There had been a great sameness to their voyaging. The twists in the river conspired with the dense reed beds and the sparser trees to hem in lateral vision. Now and then, smaller branches joined or left the channel, opening glimpses of overhung, still backwaters, hazy with insects. Skeins of geese flew across the sedge. Once, a herd of wild horses had appeared on the floodplain, their chestnut coats so blazing in the evening sunlight as to become indistinct. Several times they passed blackened, abandoned settlements. Vegetation had almost completely overwhelmed those on the southern bank.
The Goths had planted the ends of the poles in the ground, angled them in and tied them together at the top. On this edifice they set about draping felted blankets. The gudja evidently was urging them to take care to overlap the woollens, tie them tight. Nearby, fresh wood on the fire cracked and sputtered.
Although almost everything about the nomads and the sea of grass filled Mastabates with revulsion, usually mixed with dread, the eunuch was glad the Urugundi Goths had adopted some nomadic ways. He was delighted to have been asked to join in a Scythian vapour bath. It was like stepping back into the past, like becoming a character in the writings of Herodotus. And Mastabates was not displeased for the excuse to be away from Amantius. Eunuchs were expected to keep together. After all, unable to start families of their own, they had no one else, except maybe the transient favour of a ruler. Who should know better than Mastabates that his colleague was not totally to be blamed for his high, effeminate voice, his blushing and sweating, even his womanly hips and breasts? All too often these things came with the condition. But Mastabates could not see that being cut must lead to an abandonment of all striving for male virtue. The relentlessness of Amantius’s tearful, womanish recriminations addressed to his runaway slave boy, the endless complaints about his stolen brooch, were beginning to sicken Mastabates. A eunuch did not have to give way to female lack of control or avarice. It would be good to be away from him for a few hours.

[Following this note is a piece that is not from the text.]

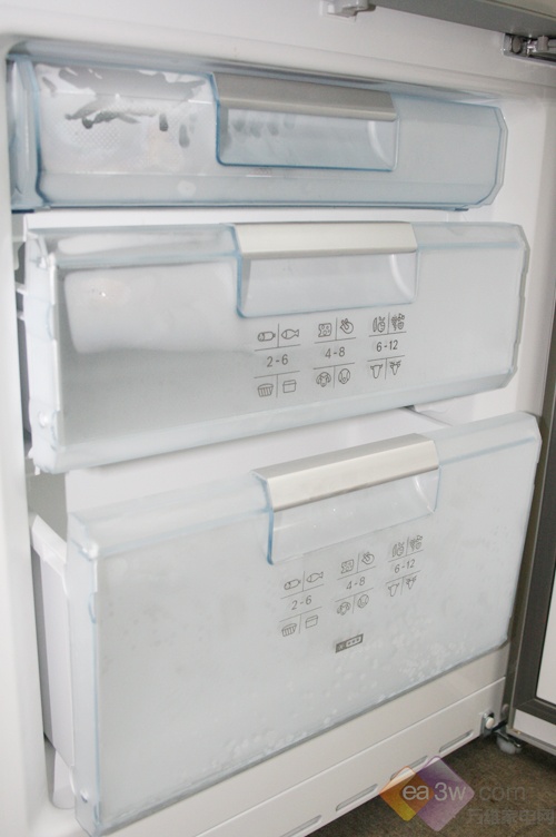 博世KGF25846TI拥有57L冷冻室容积,足够三口之家使用,冷冻室主体被分成三个部分,不同容积的抽屉可分别存放不同体积的物品。在冷冻室抽屉上,细心的标出了每种食品适宜的冷冻存储参考期限,比较人性化。

The gudja walked around and inspected the tent. It was complete. The outlandish priest signalled to the Goths at the fire. They kicked away the burning branches. Clouds of sparks swirled up in the heat, threatening the foliage overhead. From the shimmering heart of the coals, using long metal tongs with precision, they took up white-hot stones. These were placed in a metal dish raised on four legs. A Goth wearing leather mittens gripped the birch-wrapped handle of the dish. Most carefully, he carried it to the tent, got to his knees and manoeuvred his scorching burden and himself through the low opening.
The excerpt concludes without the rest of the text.